Introduction:
The immunomodulatory agent lenalidomide is the backbone of several regimens approved for the treatment of both newly diagnosed and relapsed/refractory multiple myeloma patients and is currently administered until progression. Consequently, the early development of lenalidomide-resistance, that has been shown to be associated with poor outcomes, is rapidly increasing. Ciltacabtagene autoleucel (cilta-cel; Carvykti) was evaluated for the treatment of relapse and lenalidomide-refractory and PI-exposed multiple myeloma (MM) after 1-3 prior lines of therapy (LOT) in a phase 3 randomized controlled trial (CARTITUDE-4). Treatment approaches for patients with MM who have received at least 1 prior LOT and are LEN-refractory vary across countries, lacking a clear standard of care, and can include isatuximab, carfilzomib, and dexamethasone (IsaKd). The IKEMA study included RRMM patients with 1-3 prior LOT, of whom only 31% were refractory to lenalidomide, limiting indirect comparisons between studies. Published results for the len-refractory subgroup on IKEMA were reported, specifically for progression-free survival (PFS) (probabilities at 6, 12 and 18 months and number of events), overall response rate (ORR), very good partial response or better (≥VGPR) rate and complete response or better (≥CR) rate, which were then used to perform unanchored matching adjusted indirect comparison (MAIC) of cilta-cel from CARTITUDE-4 versus IsaKd from the IKEMA subpopulation.
Methods:
The unanchored MAIC was carried out by initially applying the primary exclusion criteria from the IKEMA study to the patient-level data (IPD) of cilta-cel. Subsequently, the IPD for cilta-cel cohort were reweighted to align the average baseline characteristics with those reported for IsaKd. To generate the necessary patient-level data for IsaKd for the MAIC analysis of PFS, we employed a two-step process. First, an exponential model was fitted between each of the provided data points to approximate the complete KM curve. Next, the Guyot algorithm was utilized, leveraging the KM curve and reported event data, to simulate the patient-level data for PFS. A weighted Cox proportional hazards model was then applied to all the IPD from both treatments to obtain hazard ratios (HRs) with 95% confidence intervals (CIs). For binary endpoints, relative effects were quantified using relative response ratios (RRs) with 95% CIs derived from a weighted logistic regression analysis.
Results:
After applying the exclusion criteria from IKEMA to the IPD from CARTITUDE-4 (excluding patients refractory to an anti-CD38 monoclonal antibody), 158 cilta-cel patients were retained. When further adjusting for differences in cytogenetic risk and ISS stage, patients in the cilta-cel group (effective sample size [ESS]=79) had a 49% reduction in risk of disease progression or death (PFS) versus IsaKd (adjusted median not reached vs 19.4 months; HR: 0.51 [0.29,0.90], p=0.0213). Cilta-cel also demonstrated superior efficacy in response rates vs IsaKd (ORR RR: 1.07 [0.93,1.23], p=0.3497; ≥VGPR RR: 1.26 [1.02,1.55], p=0.0191; ≥CR RR: 2.09 [1.48,2.95], p<0.0001).

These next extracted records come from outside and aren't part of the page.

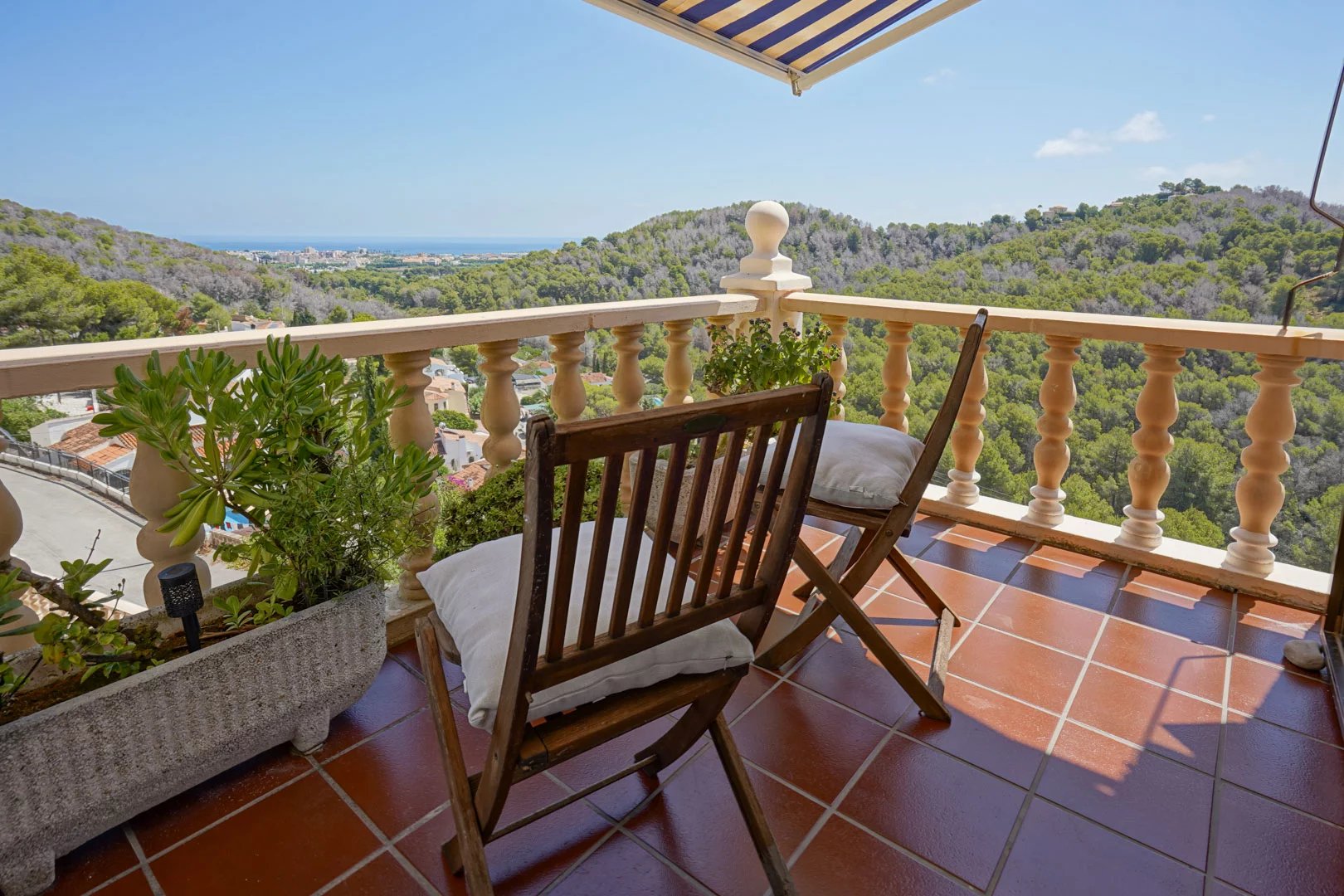 Traditionele villa met zeezicht te koop in Jávea Traditionele villa met zeezicht in Sol de Este, Javea. Deze 4 slaapkamer villa ligt aan het einde van een doodlopende straat, in de rustige urbanisatie Sol de Este. Dankzij de verhoogde ligging geniet de villa van een weids uitzicht over de omliggende bossen en valleien, tot aan de zee, en is absolute privacy gegarandeerd. De woning strekt zich uit over drie verdiepingen. Op de eerste verdieping bevindt zich een ruime woon-eetkamer met een gezellig salon en open haard, een aparte kantoorruimte, een ruime aparte keuken en twee comfortabele slaapkamers die een badkamer delen. Aan de oostzijde ligt een ruime naya, waarvan de noordkant een balkon en aan de zuidkant een groot terras met luifel is. Vanuit de keuken is er directe toegang tot een ruim terras met een ingebouwde barbecue, ideaal voor lange zomeravonden. Op de tweede verdieping bevindt zich de hoofdslaapkamer met een eigen badkamer. De benedenverdieping biedt een extra kamer met een gastentoilet en een bergruimte die reeds voorzien is van aansluitingen voor een keuken, waardoor hier eenvoudig een zelfstandig appartement kan worden gerealiseerd. Deze ruimte biedt bovendien directe toegang tot de garage, die plaats biedt aan twee voertuigen. Indien gewenst kunnen in de garage ook nog extra kamers worden gebouwd. Aangrenzend ligt een overdekt terras dat uitkijkt op het zuidelijk georiënteerde zwembad van wel liefst 53 m2, wat deze verdieping bijzonder aantrekkelijk maakt. Naast de garage zijn er ook meerdere parkeerplaatsen op het eigen terrein aanwezig. Alle kamers zijn uitgerust met airconditioning, gasverwarming via radiatoren, ingebouwde kasten en televisies. Op verschillende plaatsen in de woning is bovendien infraroodverwarming geïnstalleerd, wat bijdraagt aan een energiezuinig verbruik. Bovendien kun je dankzij de vele terrassen steeds een plekje vinden zowel in de zon als in de schaduw. De ligging van de villa is uiterst centraal: binnen vier minuten bereik je het zandstrand van Javea en alle noodzakelijke voorzieningen. Ook de golfclub van Benitachell bevindt zich op slechts enkele minuten afstand, wat deze woning uitermate geschikt maakt als permanente verblijfplaats of als vakantiewoning.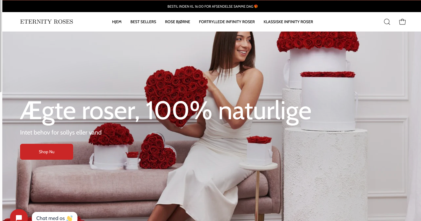 Eternityroses.dk er en webshop der fokuserer på at levere gaver lavet af roser til fødselsdage, morsdag, valentines dag, bryllupper og flere begivenheder.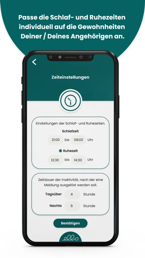 Legen Sie Schlaf- und Ruhezeiten fest, sodass ellio perfekt an Ihren individuellen Tagesablauf angepasst ist. So kann der Hausnotruf Ihre ausgewählten Familienmitglieder bestmöglich informieren.

A sensitivity analysis additionally excluding patients with prior carfilzomib exposure confirmed previous reported results with a PFS HR of 0.45 [0.22,0.94], p=0.0338, in favor of cilta-cel vs IsaKd. Additional sensitivity analyses, matching patients based on prior lines and age, yielded consistent findings, showing the robustness of the results.
Conclusions:
This analysis demonstrated favorable efficacy outcomes of cilta-cel compared to IsaKd, despite the limited data available on lenalidomide-refractory patients in the IKEMA trial. Notably, cilta-cel demonstrated significant clinical improvement in terms of progression-free survival and depth of response, underscoring its potential as an effective therapeutic option for patients with PI exposed and len-refractory MM as early as first relapse. The findings of this analysis will be particularly relevant for countries where len-refractory patients may be treated with IsaKd.